8) Selon le Comité R, notre pays n'a pas de politique globale en matière de sécurité de l'information. Contrairement à ses voisins, la Belgique ne dispose d'aucun organe chargé de protéger les systèmes d'information. La compétence est répartie entre les divers services publics fédéraux qui ne coordonnent pas leurs efforts. Le ministre estime-t-il que l'autorité belge dispose d'une connaissance et d'une mise à jour suffisantes en matière de sécurité de l'information (numérique) ? Dans la négative, est-il d'accord sur le fait qu'il faut investir d'urgence dans ce domaine ?

Réponse reçue le 2 janvier 2014 :

En ce qui concerne la question 7, la Commission pour la protection de la vie privée, m’a communiqué les éléments suivants :

« Elle est consciente des enjeux et des risques liés au phénomène de plus en plus croissant du « cloud computing » (informatique en nuage).

Le recours au « cloud computing » soulève un certain nombre de difficultés au regard du respect de la législation relative à la protection des données à caractère personnel.

Concernant la sécurité, le « cloud » génère de nouveaux risques, tant du côté du prestataire que du côté du client, notamment au niveau de la pérennité des données. Il est donc nécessaire de s’assurer que ces nouveaux risques sont maîtrisés avant de choisir une solution de cloud. »

Le « cloud computing » est un enjeu important qui concerne également les administrations du Royaume pour les données qu’elles traitent.

Il existe un risque potentiel de fuites de données (data breach) tant lors du traitement des données sur les propres serveurs que dans le cloud. La Commission de la protection de la vie privée signale toutefois que le cloud introduit un nouveau risque, à savoir la possibilité pour les autorités étrangères de consulter ces données et de les demander en fonction de leur propre législation.
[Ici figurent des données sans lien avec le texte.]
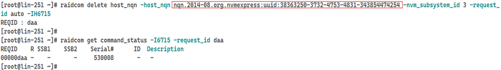 14. Remove the HOST NQN associated with the NVM subsystem ID identified in Step 7.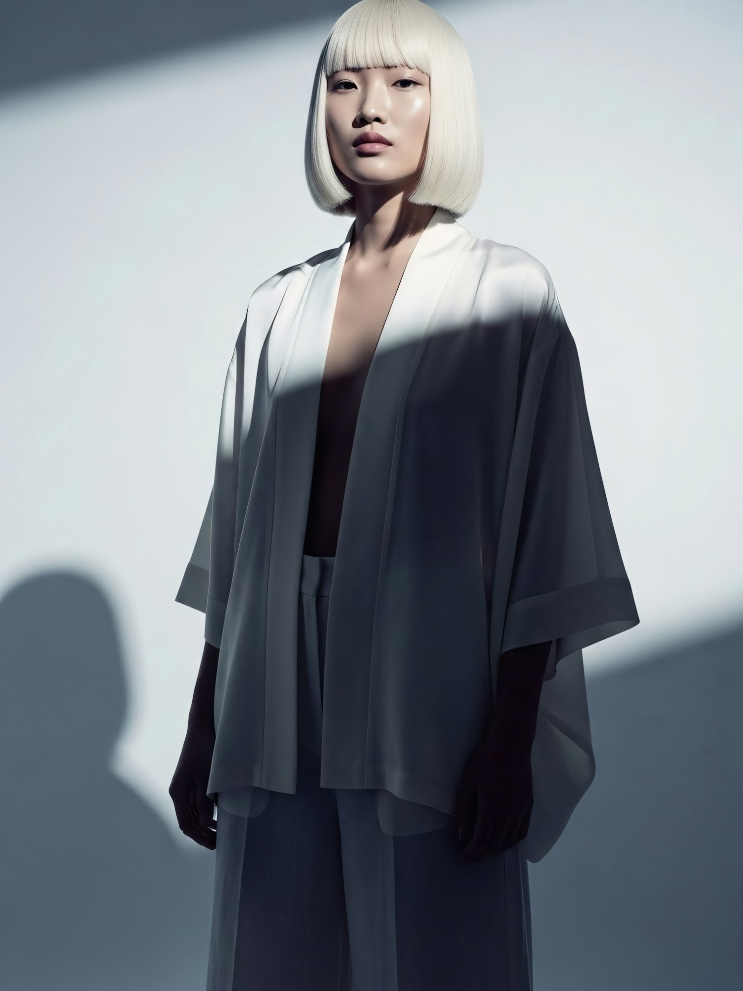 A striking portrait of a person with a platinum blonde bob, wearing a flowing white outfit in dramatic lighting.

Si des données publiques sont traitées dans le cloud, le facteur de risque fondamental réside dans le fait que ces données peuvent perdre leur souveraineté. D'autres pays sont équipés pour entrer en possession de données informatiques mais aussi pour retracer des communications électroniques, les localiser ou en prendre connaissance et en identifier les utilisateurs. La finalité poursuivie est dans la plupart des cas le respect de la loi ou la lutte contre le terrorisme. Mais d'autres finalités publiques sont parfois visées qui augmentent le risque de consultation abusive. Les affaires PRISM et XKeyscore (programmes de surveillance de masse américains) ont révélé l'importance insoupçonnée du nombre d'accès des autorités américaines aux données de grands fournisseurs de données de la société de l'information américaine.

C'est la raison pour laquelle la Commission exhorte les services publics à faire preuve de prudence vis-à-vis des cloud providers ou fournisseurs étrangers qui sont établis à l'étranger et qui doivent rendre des comptes à des autorités étrangères. Elle déconseille en tous les cas de stocker dans le cloud des données sensibles concernant la sécurité nationale et l'économie.

La Commission de la protection de la vie privée estime que chaque service public qui place des traitements de données dans le cloud doit d'abord soumettre ces données à une analyse de risque pour ce qui concerne leur nature et leur degré de sensibilité.

Pour les questions 4 et 8, je renvoie l’honorable membre à mon homologue, le ministre de l’Économie.

Pour le surplus (questions 1, 2, 3, 5, 6), je renvoie l’honorable membre à monsieur Hendrik Bogaert, Secrétaire d'Etat à la Fonction publique et à la Modernisation des Services publics, compétent pour les autres questions.